#### AIM OF THE EXERCISE
From the data below, copy exactly the lines that lie between the one holding "THE RAMAYANA HOTEL, AYODHYA" and the one holding "RAAF Supermarine Spitfires", including both, and nothing more.

#### DATA PROVIDED
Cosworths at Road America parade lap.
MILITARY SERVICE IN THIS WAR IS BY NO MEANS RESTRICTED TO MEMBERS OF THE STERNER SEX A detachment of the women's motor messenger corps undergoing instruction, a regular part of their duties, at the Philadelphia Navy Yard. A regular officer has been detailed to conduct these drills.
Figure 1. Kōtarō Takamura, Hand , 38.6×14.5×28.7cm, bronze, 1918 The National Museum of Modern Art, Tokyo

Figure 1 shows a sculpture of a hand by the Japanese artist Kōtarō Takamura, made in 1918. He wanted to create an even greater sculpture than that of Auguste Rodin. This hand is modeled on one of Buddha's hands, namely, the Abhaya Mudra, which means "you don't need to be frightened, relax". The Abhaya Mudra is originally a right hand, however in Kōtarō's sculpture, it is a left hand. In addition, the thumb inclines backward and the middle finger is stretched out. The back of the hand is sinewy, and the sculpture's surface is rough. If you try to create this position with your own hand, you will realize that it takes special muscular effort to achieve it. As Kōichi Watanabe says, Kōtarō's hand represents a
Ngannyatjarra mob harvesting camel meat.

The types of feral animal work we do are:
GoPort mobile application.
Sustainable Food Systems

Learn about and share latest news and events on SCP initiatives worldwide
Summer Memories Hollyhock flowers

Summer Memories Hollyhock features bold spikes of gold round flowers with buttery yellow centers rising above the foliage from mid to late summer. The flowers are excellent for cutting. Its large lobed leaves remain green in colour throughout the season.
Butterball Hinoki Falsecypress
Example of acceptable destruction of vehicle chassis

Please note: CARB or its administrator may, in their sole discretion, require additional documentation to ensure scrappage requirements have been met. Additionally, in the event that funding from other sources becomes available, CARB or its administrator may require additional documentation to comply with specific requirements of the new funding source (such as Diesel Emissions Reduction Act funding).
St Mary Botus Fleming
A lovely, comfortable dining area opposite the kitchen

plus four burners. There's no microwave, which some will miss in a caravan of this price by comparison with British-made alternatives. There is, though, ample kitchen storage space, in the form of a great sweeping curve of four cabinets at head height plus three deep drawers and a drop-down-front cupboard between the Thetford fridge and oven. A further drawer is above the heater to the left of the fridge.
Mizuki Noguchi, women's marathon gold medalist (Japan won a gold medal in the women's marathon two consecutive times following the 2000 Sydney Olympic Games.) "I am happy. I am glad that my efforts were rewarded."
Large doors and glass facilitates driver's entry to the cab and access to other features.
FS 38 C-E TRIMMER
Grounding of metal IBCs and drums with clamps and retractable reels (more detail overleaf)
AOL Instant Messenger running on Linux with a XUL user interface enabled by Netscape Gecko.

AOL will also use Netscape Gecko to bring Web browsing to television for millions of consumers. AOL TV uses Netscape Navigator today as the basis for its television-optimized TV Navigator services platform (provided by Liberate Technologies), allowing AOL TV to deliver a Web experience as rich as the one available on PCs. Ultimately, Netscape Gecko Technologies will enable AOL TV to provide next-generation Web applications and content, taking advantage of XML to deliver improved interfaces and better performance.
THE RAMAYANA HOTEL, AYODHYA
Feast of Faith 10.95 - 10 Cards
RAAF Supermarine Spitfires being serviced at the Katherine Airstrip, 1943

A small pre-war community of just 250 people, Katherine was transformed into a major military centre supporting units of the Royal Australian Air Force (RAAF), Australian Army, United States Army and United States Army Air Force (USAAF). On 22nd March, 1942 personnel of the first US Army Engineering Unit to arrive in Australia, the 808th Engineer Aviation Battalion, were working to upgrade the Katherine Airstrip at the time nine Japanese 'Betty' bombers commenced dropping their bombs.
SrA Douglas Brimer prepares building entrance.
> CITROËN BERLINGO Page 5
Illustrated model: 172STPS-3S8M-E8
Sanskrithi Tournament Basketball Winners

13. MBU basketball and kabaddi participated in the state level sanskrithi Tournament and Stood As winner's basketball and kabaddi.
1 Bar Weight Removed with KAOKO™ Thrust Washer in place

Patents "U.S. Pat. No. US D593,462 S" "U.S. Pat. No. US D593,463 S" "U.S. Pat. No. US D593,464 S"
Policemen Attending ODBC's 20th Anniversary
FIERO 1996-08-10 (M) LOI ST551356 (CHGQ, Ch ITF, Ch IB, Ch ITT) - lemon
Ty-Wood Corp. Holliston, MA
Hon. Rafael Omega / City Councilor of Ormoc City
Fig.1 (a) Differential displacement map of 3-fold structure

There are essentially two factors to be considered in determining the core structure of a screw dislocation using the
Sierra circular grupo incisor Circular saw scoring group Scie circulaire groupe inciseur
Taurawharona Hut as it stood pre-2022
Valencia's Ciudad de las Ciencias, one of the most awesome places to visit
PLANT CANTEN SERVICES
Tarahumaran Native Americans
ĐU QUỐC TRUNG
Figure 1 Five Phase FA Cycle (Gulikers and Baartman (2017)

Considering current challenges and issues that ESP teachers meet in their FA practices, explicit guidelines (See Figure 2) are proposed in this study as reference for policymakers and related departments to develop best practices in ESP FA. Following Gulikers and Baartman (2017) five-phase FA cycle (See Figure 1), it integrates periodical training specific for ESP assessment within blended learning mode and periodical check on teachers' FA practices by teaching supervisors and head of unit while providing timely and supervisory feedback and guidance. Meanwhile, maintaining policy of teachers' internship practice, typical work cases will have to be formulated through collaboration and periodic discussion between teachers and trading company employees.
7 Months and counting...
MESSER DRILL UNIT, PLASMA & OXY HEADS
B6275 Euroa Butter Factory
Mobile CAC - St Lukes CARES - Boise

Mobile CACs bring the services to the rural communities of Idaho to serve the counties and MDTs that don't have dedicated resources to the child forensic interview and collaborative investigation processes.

#### TASK RESULT
THE RAMAYANA HOTEL, AYODHYA
Feast of Faith 10.95 - 10 Cards
RAAF Supermarine Spitfires being serviced at the Katherine Airstrip, 1943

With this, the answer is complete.